当時、霜降り明星・せいやさんがWeb会議システム「Zoom」で女性と会話しながら下半身を露出し、自慰行為を見せたなどと文春に報じられたことは非常に話題となりました。
芸能人のスキャンダルとしても個人の尊厳を非常に傷つける、リベンジポルノともとれる極めて悪質な記事だっただけに「到底看過できない極めて悪質なもの」とする吉本興業サイドの提訴も納得がいきます。
いったいいくらの損害賠償請求の金額となるのでしょうか?
過去の芸能人、著名人の名誉棄損に関する訴訟事例もまとめていますので、興味のある方はぜひ最後までお付き合いください。
追記(2020/10/22)
吉本興業、霜降り明星・せいやさんの提訴に対して、文春オンラインも自身のホームページ上で”Zoom事件”記事の公開を終了した理由などに関してコメントしましたので、最新情報を下記の記事に追記アップデートしました。
霜降り明星せいやと吉本興業が文芸春秋を名誉毀損で提訴
吉本興業は10月21日、今年6月に文藝春秋オンラインサービス『文春オンライン』で報じられた”霜降り明星・せいやのZoom事件”に関して、プライバシー侵害と名誉毀損(きそん)に当たるとし東京地裁に提訴したことを公式ホームページで発表しました。

Ⓒ吉本興業株式会社
吉本興業からは
プライバシー侵害を理由として本件記事の削除を求める仮処分命令を東京地方裁判所に申し立てておりました
と既に、プライバシー侵害を理由として記事の削除を求める仮処分申請を東京地裁に申し立てていることを明かし、そして文芸春秋が、
10月18日、裁判所の決定を待たずに、本件記事は削除されるに至りました
と当該記事を削除したことで仮処分申立ても取り下げたことも発表しています。

文春オンラインから削除された問題の記事、スクリーンショット

Ⓒ文春オンライン
該当記事は既に削除されていました
しかし吉本興業の怒りはこれでは収まりません!吉本興業は、
当社及び本件タレントとしては、本件記事は削除されたとはいえ、その内容は到底看過できない極めて悪質なものであり、本件タレントのプライバシー及び名誉を著しく毀損するものである
としたうえで、
東京地方裁判所に対して損害賠償請求等を求める訴訟を提起いたしました。
と裁判で争う決断をしました。
文春オンラインの見解(2020/10/22追記)
文春オンライン編集部も10月22日、自身のホームページ上で、
訴状が届き次第精査しますが、記事には十分自信を持っています。
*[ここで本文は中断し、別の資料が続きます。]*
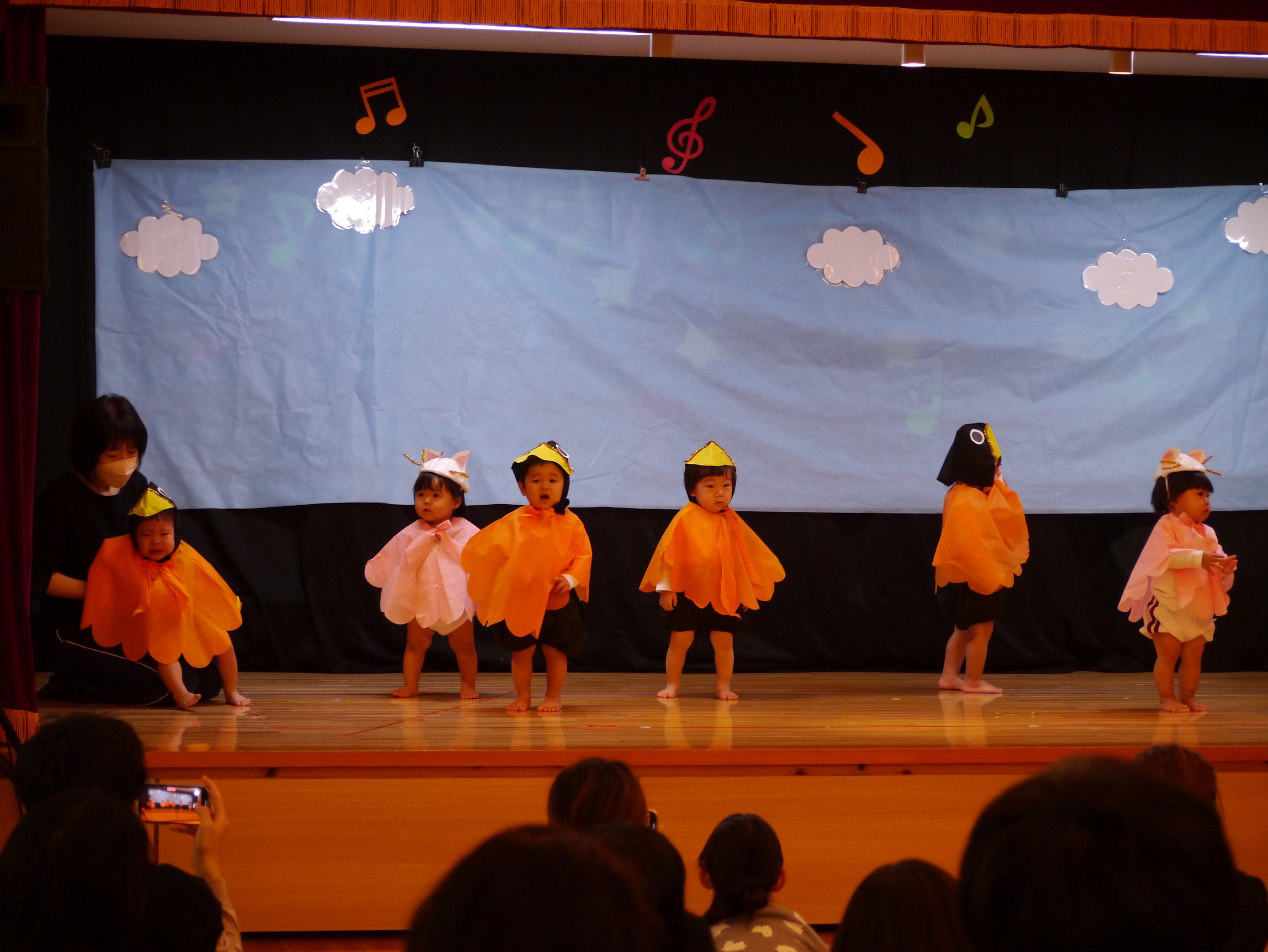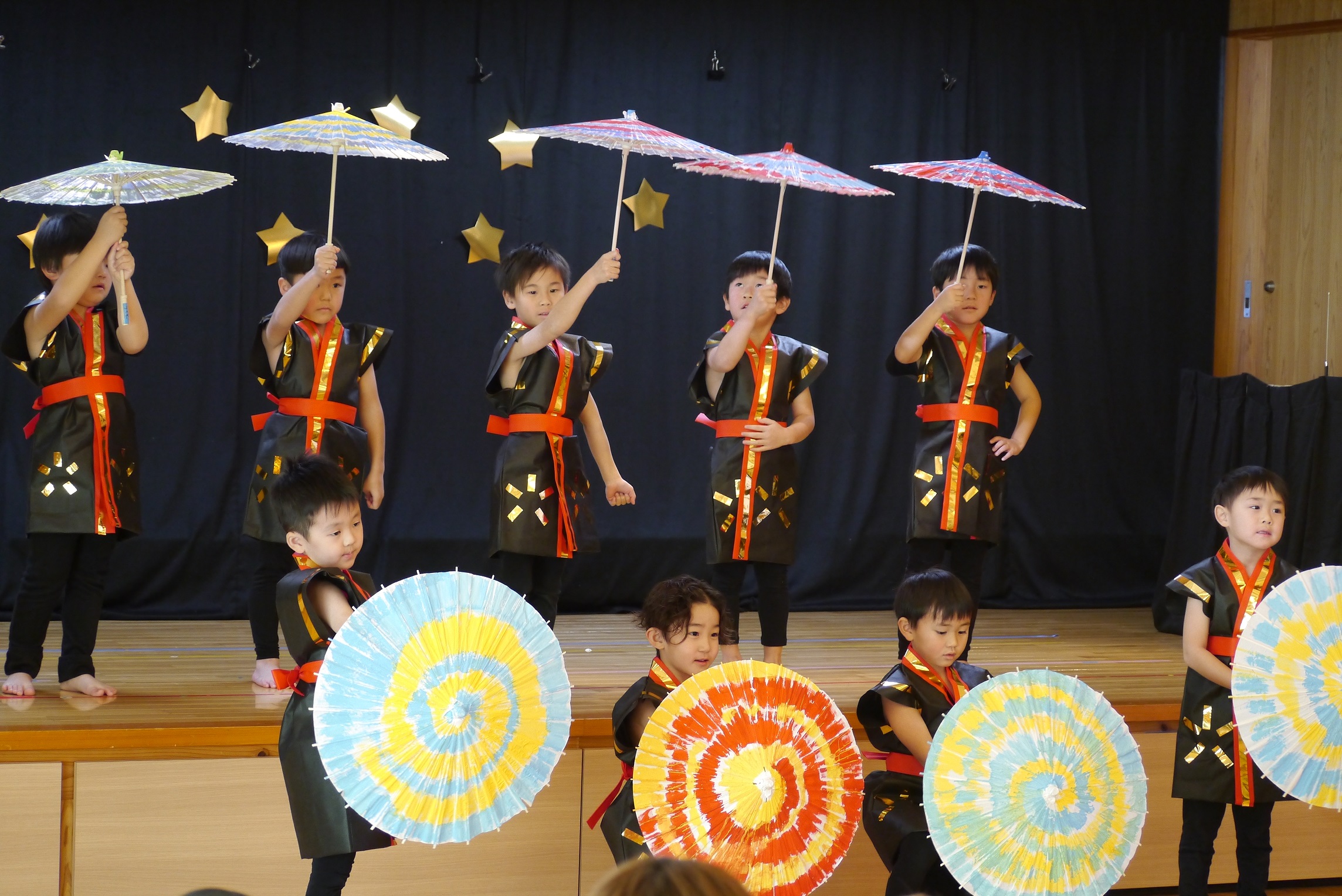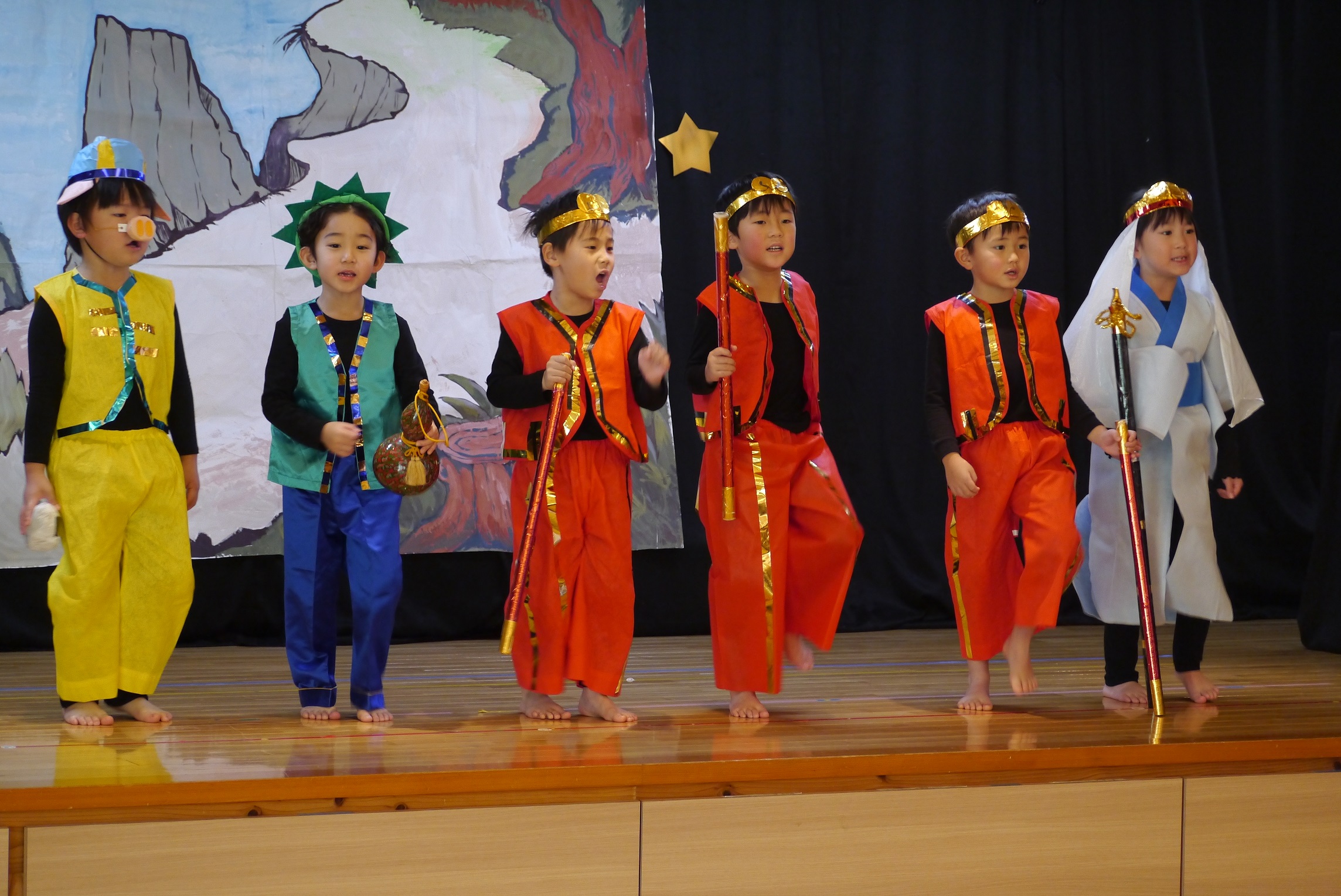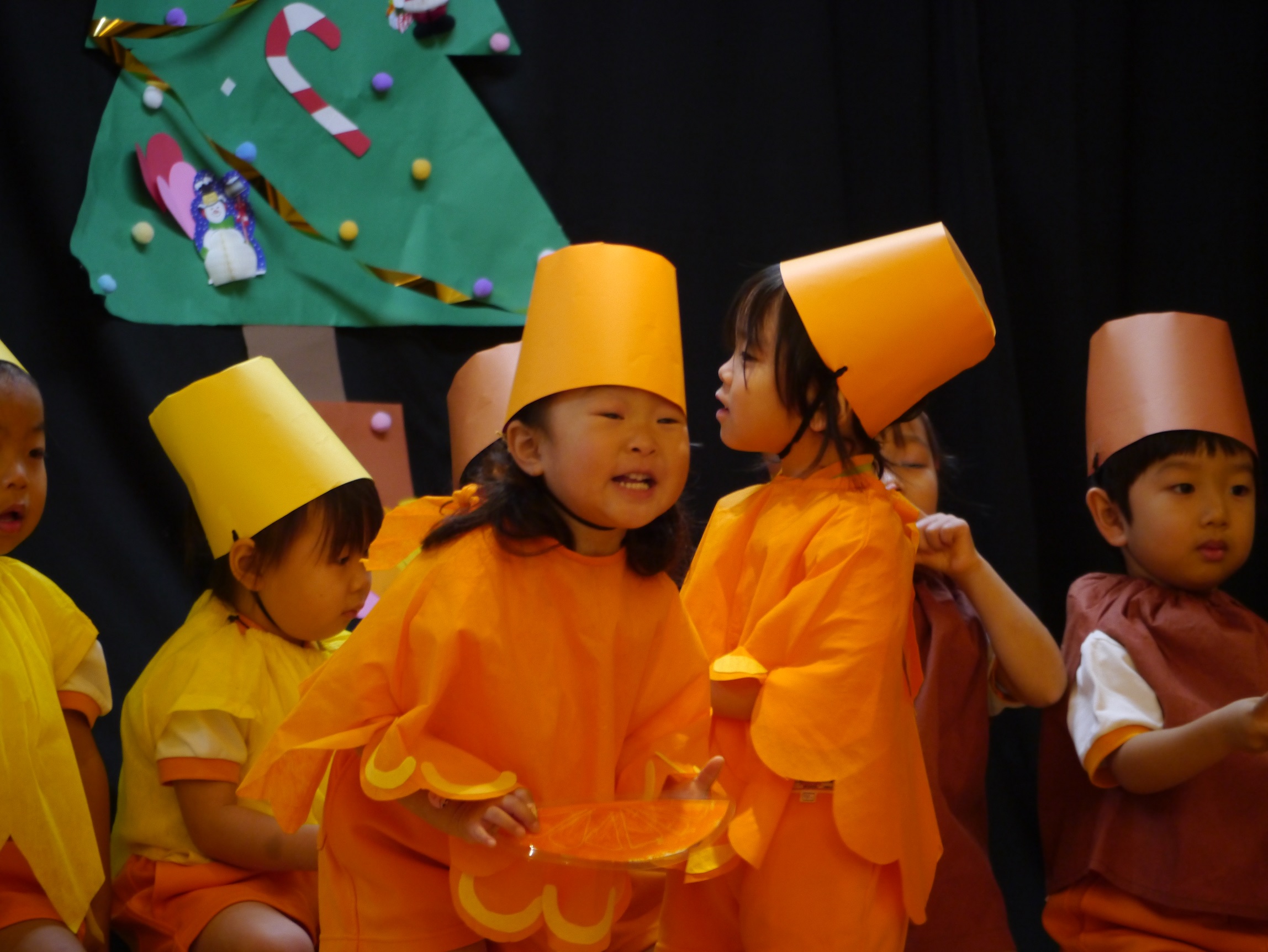 クリスマス発表会 12月16日(土)3歳未満児発表会 12月23日(土)3歳以上児発表会 かわいい衣装やかっこいい衣装に身を包み、大好きな家族の前でダンスや劇を楽しそうに披露する子ども達でした。 ドキドキして緊張のあまり、セリフがうまく言えないと幕が閉まった裏側で「どうした!いつも通りで大丈夫やっちゃが!」と励まし合う姿が見られ、子ども達は沢山の体験を通して心も成長しているんだな~と、感動しました。

本件記事は吉本興業の求めや仮処分を受けて取り下げたのではなく、弊社の内規に従って予定通り公開を終了したものです。
引用元 文春オンライン
とコメントを発表、決して吉本興業の仮処分命令に屈したものではないとして徹底的に争う姿勢を見せています。
加えて文春オンライン編集部は自身の見解として、
ファンである一般女性にとって、せいやさんとZOOMで直接話ができることは夢のようなことであるため、せいやさんの性的な行為に多少の不快感を覚えたとしても、即座にZOOMを終了すれば二度と話ができなくなってしまうことに、女性は戸惑っていました。
と女性は霜降り明星・せいやさんのファンであるが故にZoom飲み会中でのせいやさんの態度の急変にはすぐに対応できなかったとして、
せいやさんが行ったことは、ファン心理を利用した不適切行為だと言えます。
とあくまでもせいやさんの行為が元凶であるとしています。
また文春オンラインが報じた記事内容自体についても、
SNS等を通じて簡単に芸能人とファンが繋がれる時代において、国民が芸能人とファンの関係性やあり方について考える上で、必要かつ有益な情報であると考えます。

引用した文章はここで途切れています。